**WHAT IS REQUIRED:** Only the lines from the one that contains "Kugel DN 200" to the last line below, both included, should be transcribed. Pictures stay out of the copy.

**DATA PROVIDED:**
========

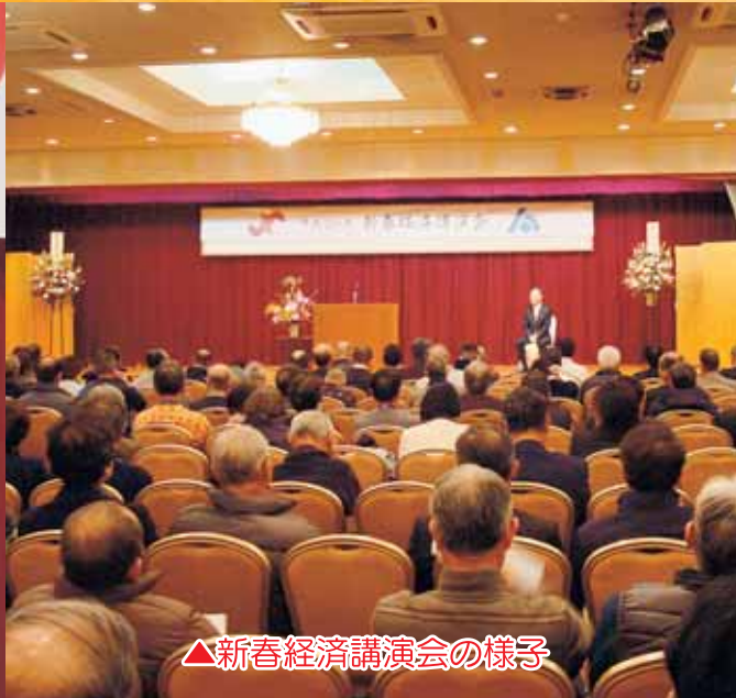
△新春経済講演会の様子
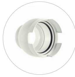
Kugel DN 200 Articulation DN 200 Ball DN 200 Kogel DN 200
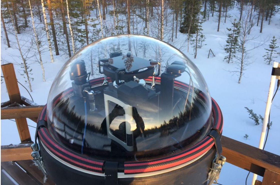
図 1: フィンランドのソダンキュラにおいて運用されている EMCCD 全天カメラ (中央部分)。 1 秒間に 100 枚のオーロラ画像を取得することができます。

本研究は、フィンランド北部のソダンキュラで運用されている高感度・高時間分解能の電子増倍型 CCD (EMCCD) 全天カメラ (図 1) と、同時刻に磁気圏を飛翔していた「あらせ」の観測データを組み合わせることによって実施されました。EMCCD 全天カメラは、コンピュータによる自動制御によって連続的に観測が行われていますが、本成果は、2017 年 3 月に「あらせ」がカメラの視野内において観測を実施した際に得られたデータを解析することによって得られました。

========

**RESULT OF THIS TASK:**
Kugel DN 200 Articulation DN 200 Ball DN 200 Kogel DN 200
図 1: フィンランドのソダンキュラにおいて運用されている EMCCD 全天カメラ (中央部分)。 1 秒間に 100 枚のオーロラ画像を取得することができます。

本研究は、フィンランド北部のソダンキュラで運用されている高感度・高時間分解能の電子増倍型 CCD (EMCCD) 全天カメラ (図 1) と、同時刻に磁気圏を飛翔していた「あらせ」の観測データを組み合わせることによって実施されました。EMCCD 全天カメラは、コンピュータによる自動制御によって連続的に観測が行われていますが、本成果は、2017 年 3 月に「あらせ」がカメラの視野内において観測を実施した際に得られたデータを解析することによって得られました。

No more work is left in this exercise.